[DATASET ENTRIES — start]

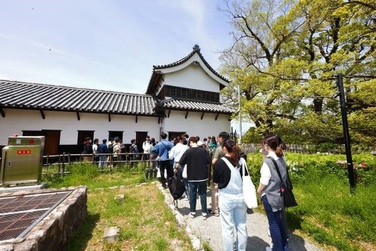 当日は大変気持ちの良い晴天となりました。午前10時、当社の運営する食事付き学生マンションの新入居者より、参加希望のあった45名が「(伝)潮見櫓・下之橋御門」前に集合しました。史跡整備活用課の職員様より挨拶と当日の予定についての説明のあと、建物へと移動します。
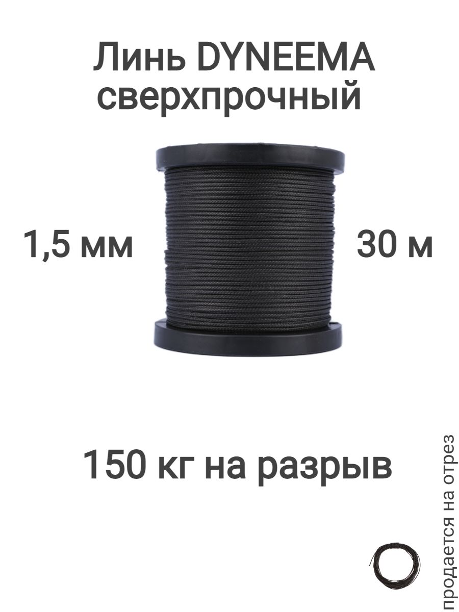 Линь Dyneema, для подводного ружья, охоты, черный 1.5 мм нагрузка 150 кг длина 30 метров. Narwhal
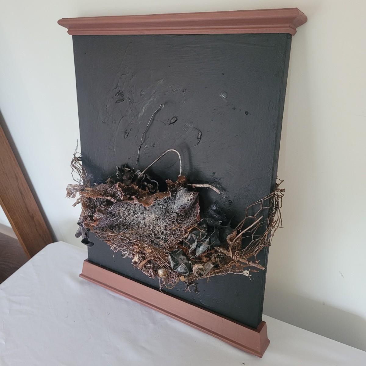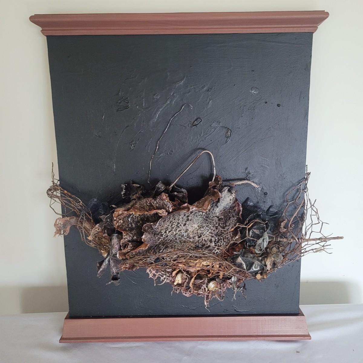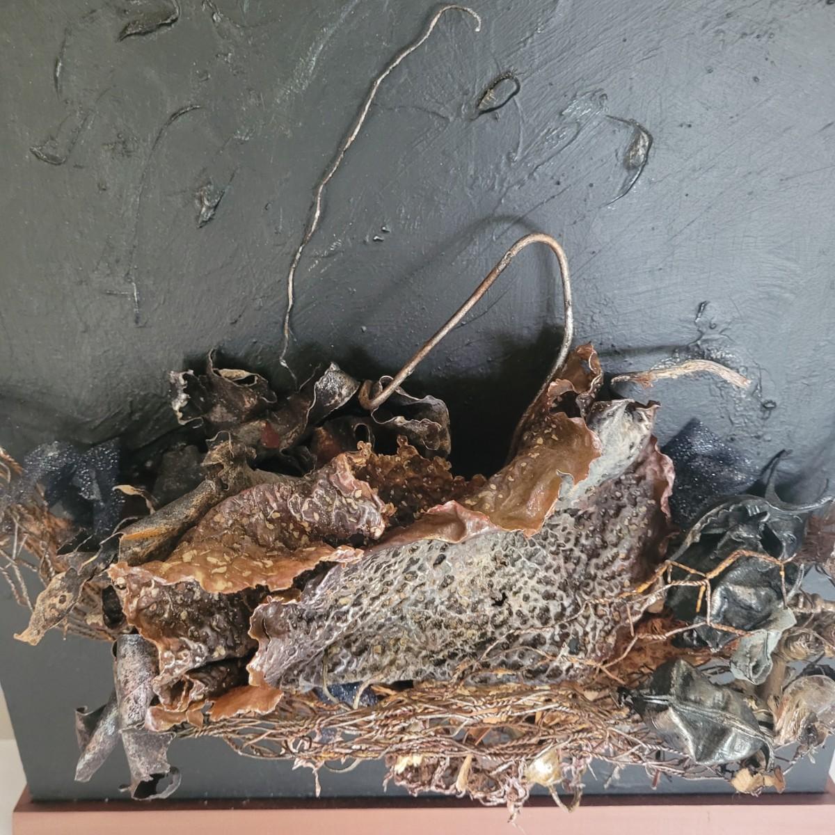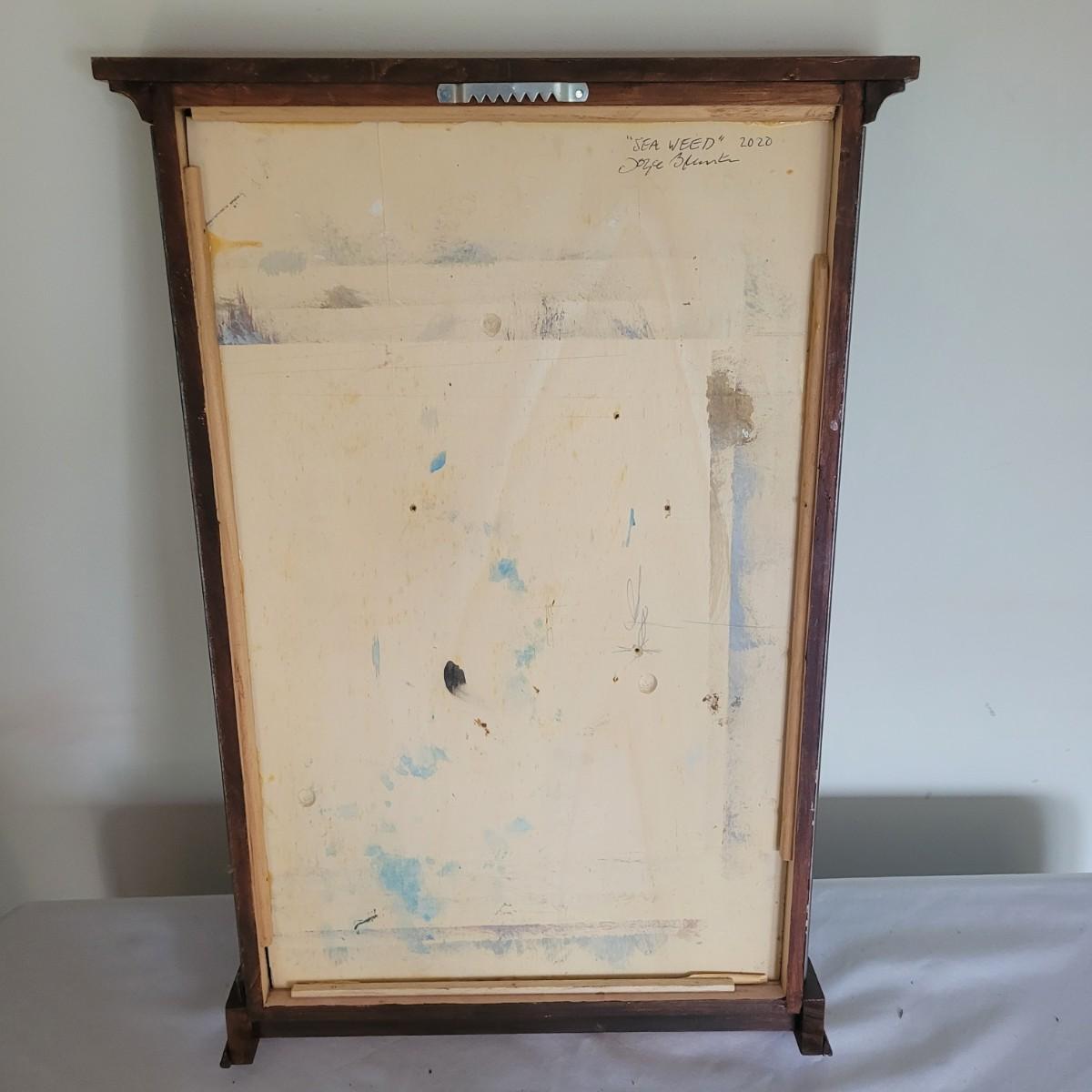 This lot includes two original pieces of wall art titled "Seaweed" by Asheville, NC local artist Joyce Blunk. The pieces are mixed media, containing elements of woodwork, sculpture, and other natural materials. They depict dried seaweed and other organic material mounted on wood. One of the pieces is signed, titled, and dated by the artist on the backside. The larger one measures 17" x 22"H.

[DATASET ENTRIES — finish]
[DATASET ENTRIES — start]

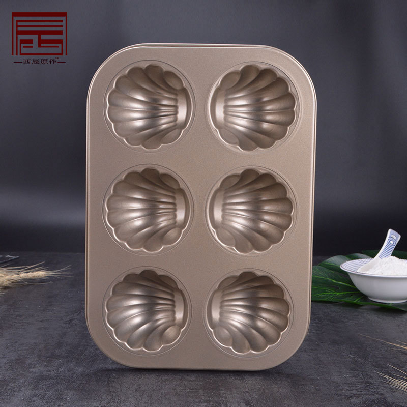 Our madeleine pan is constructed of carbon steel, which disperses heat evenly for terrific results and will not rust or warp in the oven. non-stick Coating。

[DATASET ENTRIES — finish]

[WORK INSTRUCTIONS]: Word for word, retype the lines in the entries above that run from the one with "当日は大変気持ちの良い晴天と" through the one with "Линь Dyneema, для". Both ends count; pictures do not.

[EXPECTED OUTPUT]:
 当日は大変気持ちの良い晴天となりました。午前10時、当社の運営する食事付き学生マンションの新入居者より、参加希望のあった45名が「(伝)潮見櫓・下之橋御門」前に集合しました。史跡整備活用課の職員様より挨拶と当日の予定についての説明のあと、建物へと移動します。
 Линь Dyneema, для подводного ружья, охоты, черный 1.5 мм нагрузка 150 кг длина 30 метров. Narwhal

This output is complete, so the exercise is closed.